I sigh hanging up the phone.  All our calls seem to end like this recently.   Short and apologetic.  We never seem eager to see each other anymore.

"I still love him, Court.  It's just, it feels different.  Sometimes, I guess it feels forced.  Like we're married, so I have to love him."

"But you do love him, right?  Not only in a forced way?"

"I guess."

I get up, wondering around the room, looking at all our pictures, all our memories staring back at me. This room, the whole house, is filled with so many memories.

"I never really doubted my love for him.  He's never given me any reason to doubt him loving me, either."

"Then why do you feel like this?  Did something happen between the two of you?"

I take a sip of my wine, swirling it around in my mouth as I think about everything.

All the passionless nights, the times we've cared more about sleep than sex, even when we haven't seen each other in weeks.  The tired, achy people who have taken over the bodies of the young, more energetic couple we once were.

How our relationship has changed, making us almost too comfortable with each other, leaving no surprises to look forward to.

The days we're away filming that we hardly have the energy to call each other at the end of the day, when we couldn't wait years ago.

"We just aren't the same people.  And I know I need to expect that to a point, but we're just so different to the point that I almost don't see the Brad I married anymore.  He hardly bats an eye when I change in front of him, or looks up from his scripts when I walk through the bedroom after a shower.  Hell, the other day I was in the shower and he just casually walked in the bathroom to pee, not even looking in at me like he always used to... and sometimes I feel like I do the same to him."

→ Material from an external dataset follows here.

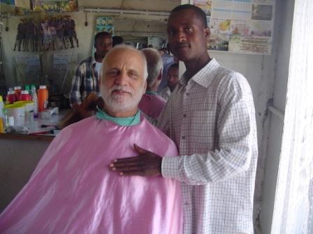 But the story doesn’t stop with Mohammed and Kedir. There are the guards. On our first visit, we were searched with suspicion; they definitely did not want us visiting. But by the second and third visits these guards were not only freely allowing us entrance, they were asking Dave to sketch their portraits, inviting us to coffee with them, letting Mohammed and Kedir outside the prison to visit with us and the guards. And when we saw these guards in town, they greeted us like long-lost family members! We don’t know where these guards are spiritually yet. All we know at this point is that God has opened wide the door of the prison. Wouldn’t it be wonderful if the Spirit of God swept through that prison, using Kedir and Mohammed? Jesus has turned these former enemies into brothers; He has replaced anger and aggression with His love and gentleness. In the confines of the prison, the others are watching. Changed lives are a testimony to power. In my interviews, I cannot tell you how many people said they came to Christ because they could not resist the testimony of changed lives. The church leaders are following up with discipleship training. And we plan to keep in regular contact, sending care packages, letters, etc., to both prisoners and guards. Please pray for this little plot of land where the air is so thick with heartache. Pray that the Lord will sweep the area with His love, so that many, many more will come to Him as Saviour and Lord. Haile the barber… Like Paul in the book of Acts, we’ve met people in the normal course of life who seem to be divinely appointed. One such person is Haile the barber. Haile is regularly visited by our son David and many other believers. They have been reaching out to him, touching him with the Saviour. Last year Dave visited Haile’s shop on several occasions…not so much for the hair cut as for the relationship. Amazingly, just before our departure here we received an email from Haile. He was eagerly awaiting our arrival. On our first day in Alaba we visited his shop but he

"Jen," She walks up behind me, slightly rubbing my shoulder "When you guys go out, or watch a movie together, there's still passion there, right?"

"Yeah, I guess.  We feel the same then, but it doesn't feel like enough.  I love him, I really do, and I don't know where I would be without him in my life, but it worries me that things aren't the same."

"When did you last have sex?  Did that mean anything to you?"

"A few days ago, before he left for filming." I smile just thinking about him, how he's always able to satisfy me "It felt like it always has... like really good, passionate sex.  That's the only part that hasn't changed.  I just need more than that I guess. Especially with being away from each other so often."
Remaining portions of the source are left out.